Belfast Telegraph

Monday 22 December 2014

Robinson’s true sole ...

Robin Stewart of Robinson's Shoemakers
Robin Stewart of Robinson's Shoemakers

Robinson's Shoemakers is a family business in Carrickfergus established in 1954 and taken over by Robin Stewart from his father-in-law 15 years ago.

Since then the firm's operations have been transformed into one of the largest and most successful quality shoe retailers in Ireland.

“It was an old-fashioned cobbler's shop,” recalls Mr Stewart. “It sold one or two shoes of low- quality brands, but nothing much.” He adds, though, that “keeping the name was important”, because of the recognition factor.

From the outset, Mr Stewart had plans to both improve the shoe repair operation and to move into the sale of top quality shoe brands. “I had a vision of what I wanted to do, but I did not have the money,” he says. “We have not only changed direction since then, but we have expanded.”

The first stage of that transformation was to build on what was already there — the shoe repair. Mr Stewart had difficulty recruiting top quality shoe repairers and had few responses to advertisements in Northern Ireland. This changed when he put a job ad in a Polish language magazine in London.

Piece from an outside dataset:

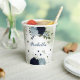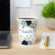 Belle romantique bleu poussiéreux et bleu marine fleurs avec verdure feuille botanique tasse de papier de fête.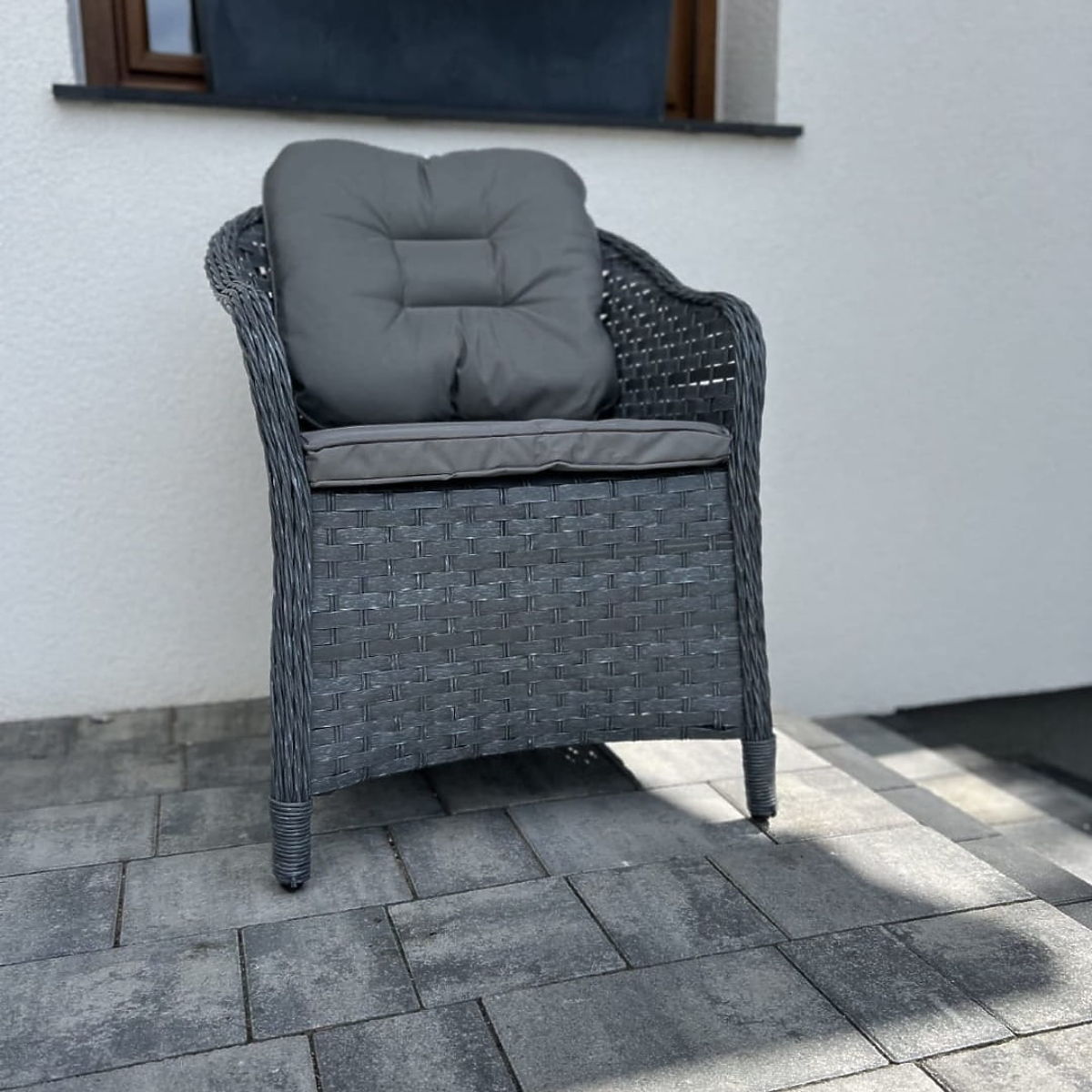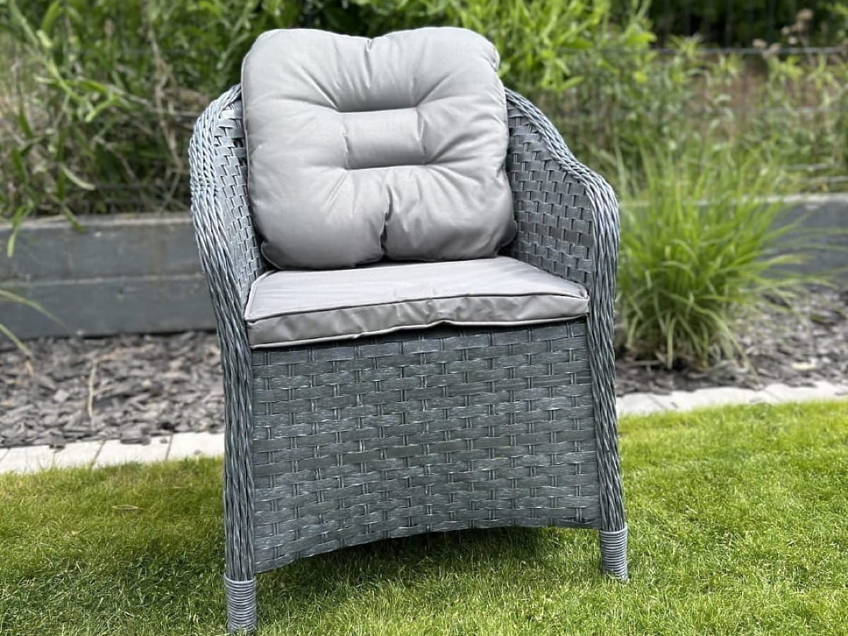 The MODERNO chair embodies perfection in every detail, combining elegance and functionality at the highest level. The chair's contoured backrest not only enhances comfort but also provides optimal support, making it an ideal choice for anyone wishing to relax in the fresh air. The subtle grey weave, complemented by an elegant light grey cushion, gives the MODERNO chair a versatile character that harmoniously adapts to various outdoor arrangements. This combination of high-quality materials and meticulous craftsmanship makes the chair not only exceptionally comfortable but also a stylish decorative element. Whether you place it on a terrace, balcony, or in the garden, the MODERNO chair will charm with its appearance and functionality, becoming a favorite resting spot for you and your guests. MODERNO chair color: grey melange, uneven Weave: flat technorattan 17mm x 1.2mm and round technorattan, smooth structure Construction: steel 1 x chair: width: 56 cm depth: 70 cm height: 81 cm Additional dimensions: Seat height of the chair: 38 cm + 5 cm cushion Backrest height from the seat: 50 cm Armrest and backrest width: 5 cm Seat width and depth: 52 x 52 cm The chair is shipped in 1 carton with dimensions 115x96x69 cm, weight 15 kg Cushion in grey color included with the chair (1 piece seat cushion) The cushion has a removable cover with a zipper, made of outdoor material (100% polyester), which can be washed at low temperatures. The cushion cover is made of high-quality fabric coated with Teflon, which protects it from moisture. The cushion filling is made of high-quality upholstery foam (medium hard - T25), which prevents deformation. Cushion thickness: 5 cm. Option to sew a cushion to individual order for this chair: https://www.bg-meble.pl/pl/p/Usluga-Krawiecka-Poduszki-Na-Zamowienie-/742 Option to sew a cushion cover to individual order for this chair: https://www.bg-meble.pl/pl/p/Usluga-Krawiecka-Poszewki-Na-Zamowienie/743 Imagine garden furniture that exceeds your expectations in every respect – from durability to design. Here is BELLO GIARDINO, where every detail matters, and luxury meets functionality: Timeless quality: Our synthetic rattan guarantees that the furniture will last for years without losing its beauty or durability. Weather resistance: Our furniture withstands the most demanding weather conditions, from scorching sun to freezing winters, remaining beautiful. Luxurious comfort: Thick, soft cushions invite relaxation, offering comfort hard to find elsewhere. Lightness and strength: The aluminum construction combines the best of both worlds – it is lightweight yet exceptionally stable. Design that enchants: Every element of our furniture is designed with aesthetics and functionality in mind, fitting into any environment. Whether you are a fan of minimalism or appreciate rich, elegant arrangements, our furniture will meet your expectations, surpassing the boundaries of ordinary functionality and aesthetics. We ensure that even the most demanding customers will not be able to resist the comfort and style offered by BELLO GIARDINO. Turn your garden, terrace, or balcony into an oasis of relaxation and elegance you've always wanted. Don't wait, discover BELLO GIARDINO today and transform your outdoor spaces into places you've always dreamed of.

He had 27 responses, one from an experienced shoe maker. That person was recruited and though he has since left, his brother still works for Robinson's.

Alongside improving the shoe repair side of the business, Mr Stewart also greatly increased the sale of shoes — focusing on the quality market.

The high-end brands sold by the firm now include Loake, Barker, Jeffrey-West and Church's. “I saw the potential as there was only one other shoe shop in Carrickfergus,” says Mr Stewart. “I had difficulty buying shoes in the town, so I realised the opportunity was there.”

The firm opened its second shop selling into the men's quality market in December 2007. Although this was a bad time to launch a business selling expensive goods, the launch has succeeded. Turnover rose by 84% in the first year of trading and by a further 95% last year — moving into profit within two years of trading.

But Robinson's was not content merely to sell shoes from other brands and recognised the opportunities created by employing qualified and experienced shoemakers. It has now begun selling handmade shoes, including some that are bespoke. The main product is Irish brogues — Mr Stewart stresses that although brogues are regarded as an English shoe they originated in Ireland and the word ‘bróg' is Gaelic for shoe. Although handmade shoes may sound expensive at £285 a pair, “this is about £1,000 less than a bespoke shoe, or £2,000 less than a bespoke shoe would sell in London”, says Mr Stewart. With support from Invest Northern Ireland, Robinson's are developing exciting plans to sell the shoes in the United States, particularly to Irish Americans in New York and Boston.

Robinson's now has three premises in Carrickfergus. There are the men's quality shoe retailer and a ladies shoe shop, which shares a unit with the shoe repair. A third unit handles mail and internet orders, including the mail order of safety shoes. In addition, plans are advanced for a fourth unit selling shoes to teenagers and young adults. “It means we will cover every single aspect of footwear,” says Mr Stewart.

But the online business is one of the most exciting strands of the firm's operations. It has its own website — www.robinsons shoes.com — from which it sells several pairs of shoes a day and it also has a presence on Amazon and eBay — where sales are higher. Even though the internet operation is still developing, sales online already outstrip those from the men's shop.

“We want to develop as much as possible,” says Mr Stewart. Our aim is to become the biggest and best in Ireland.”

It is a grand ambition, but an achievable one.